Идея о привидениях, сопровождающих действие в «Безумствах», пришла в голову к Хэлу Принсу?
Нет, это придумали мы, Голдман и я. Но идея взаимодействия призраков с основным действием пришла гораздо позже. Джеймс и я обладали ограниченным драматическим воображением. Мы боялись сцен с воспоминаниями из-за возможных внезапных смен декораций. Хал же сказал, что в этом нет нужды, что он хочет показать это только при помощи света, как в балете, – так, чтобы несколько сцен происходили одновременно. То есть призраки могли присутствовать на сцене вместе с другими персонажами. Потом Майкл Беннетт предложил, чтобы призраки людей, которые не являются персонажами спектакля, перемещались бы по сцене для создания атмосферы, и в это время использовался тот самый свет, о котором говорил Хал. Например, во время этого разговора, наши юные альтер эго могли бы общаться чуть в стороне, и нам бы не понадобились отдельные декорации. Пока мы бы действовали, позади нас оживали бы призрачные фигуры, являющиеся частью сценографии. Привидения безымянных танцовщиц были частью декораций.
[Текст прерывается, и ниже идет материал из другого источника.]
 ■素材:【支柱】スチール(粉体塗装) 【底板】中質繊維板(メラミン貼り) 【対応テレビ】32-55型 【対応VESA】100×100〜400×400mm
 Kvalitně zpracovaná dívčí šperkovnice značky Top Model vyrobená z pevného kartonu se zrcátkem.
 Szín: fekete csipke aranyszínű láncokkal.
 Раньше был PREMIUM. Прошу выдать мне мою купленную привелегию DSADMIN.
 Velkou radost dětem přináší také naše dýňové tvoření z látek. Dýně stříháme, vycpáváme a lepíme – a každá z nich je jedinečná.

Привидения персонажей были отражением их в молодости.
Этот мюзикл сильно поменялся с годами…
Еще как! Он начинался с концепции «Кто же это будет?» – еще до того, как мы показали его Халу. По ней четыре персонажа, у которых были сложные отношения в прошлом, собираются на вечеринке, и их старые обиды, недомолвки и страсти вновь разгораются с прежней силой. К концу первого акта у каждого из них есть причина желать другим смерти. Оставалась только загадка – кто кого? Но каждый раз, как мы заканчивали новый вариант сюжета, мы понимали, что все выглядит слишком продуманным. Тогда мы убирали часть сюжетных поворотов, снова устраивали вечеринку, и все равно получалось надуманно. Тогда мы решили обойтись без сюжета вообще. Просто оставить персонажей с их эмоциями на этой вечеринке. Они напьются, решат или не решат свои проблемы и разойдутся по домам.
Довольно смело для своего времени.
Да. Необычно. Этим он схож с «Компанией». У обоих шоу нет сюжета. Они абсолютно разные по структуре, но оба без сюжета. Истории есть, но нет сюжета.
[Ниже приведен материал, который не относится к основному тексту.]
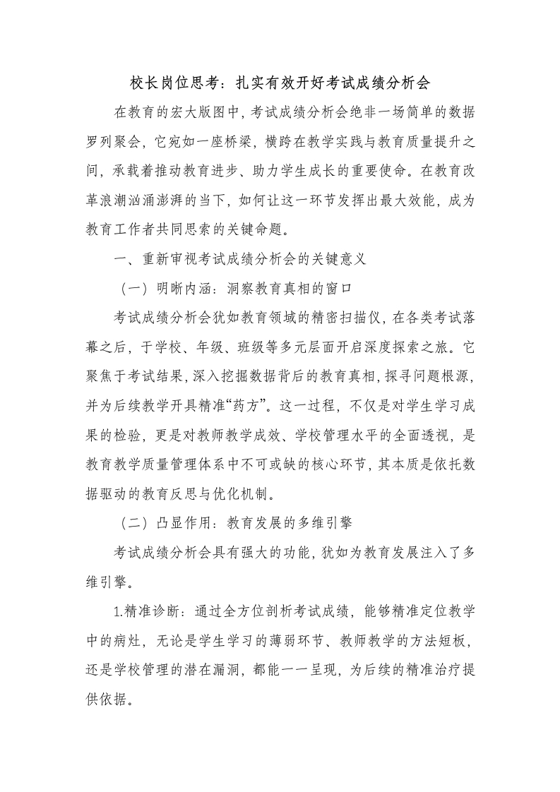 校长岗位思考:扎实有效开好考试成绩分析会在教育的宏大版图中,考试成绩分析会绝非一场简单的数据罗列聚会,它宛如一座桥梁,横跨在教学实践与教育质量提升之间,承载着推动教育进步、助力学生成长的重要使命。在教育改革浪潮汹涌澎湃的当下,如何让这一环节发挥出最大效能,成为教育工作者共同思索的关键命题。一、重新审视考试成绩分析会的关键意义(一))明晰内涵:洞察教育真相的窗口考试成绩分析会犹如教育领域的精密扫描仪,在各类考试落幕之后,于学校、年级、班级等多元层面开启深度探索之旅。它聚焦于考试结果,深入挖掘数据背后的教育真相,探寻问题根源,并为后续教学开具精准“药方”。这一过程,不仅是对学生学习成果的检验,更是对教师教学成效、学校管理水平的全面透视,是教育教学质量管理体系中不可或缺的核心环节,其本质是依托数据驱动的教育反思与优化机制。(二)凸显作用:教育发展的多维引擎考试成绩分析会具有强大的功能,犹如为教育发展注入了多维引擎。1精准诊断:通过全方位剖析考试成绩,能够精准定位教学中的病灶,无论是学生学习的薄弱环节、教师教学的方法短板,还是学校管理的潜在漏洞,都能一一呈现,为后续的精准治疗提供依据。

Некоторым было тяжело принять такой подход.
Мягко говоря, да. Хал согласился работать над «Безумствами» лишь в том случае, если мы сначала займемся «Компанией». «Безумства»
были задуманы намного раньше «Компании». И в каком-то смысле, бессюжетные «Безумства» помогли нам обрести смелость на создание бессюжетной «Компании».
Ваш мюзикл «Воскресенье в парке с Джорджем» (Sunday in the park with George) получило Пулитцеровскую премию. Основой для концепции послужила картина. Как к вам пришла такая идея?
Все началось с Джеймса Лепайна. Я посмотрел его пьесу «Двенадцать снов», она меня ошеломила, и я захотел непременно поработать с ним. По счастливому стечению обстоятельств он тоже хотел со мной сотрудничать, так что продюсер Лью Эллен собрал нас вместе. Джеймс был младше меня на поколение, не только по возрасту, но и в своем отношении к театру. Его пьесы ставились на офф-Бродвее, где более свободный подход. Я не имею в виду импровизации, потому что все его пьесы очень тщательно прописаны, просто в некоммерческом театре вам не надо беспокоиться о реакции публики. Вы хотите, чтобы они впитывали в себя постановку. Мы стали общаться ближе, обсуждали фильмы, которое нам нравились. Мы поняли, что находимся на одной волне. Он был фотографом и графическим дизайнером, он приносил фотографии, некоторые были сделаны им, некоторые он вырезал из журналов, и раскладывал их на полу, чтобы посмотреть, есть ли у них что-нибудь общее, и это был подход, совершенно противоположный моему – начинать с истории. Он же отталкивался от своего воображения и пытался найти что-нибудь такое, что бы нас внезапно озарило.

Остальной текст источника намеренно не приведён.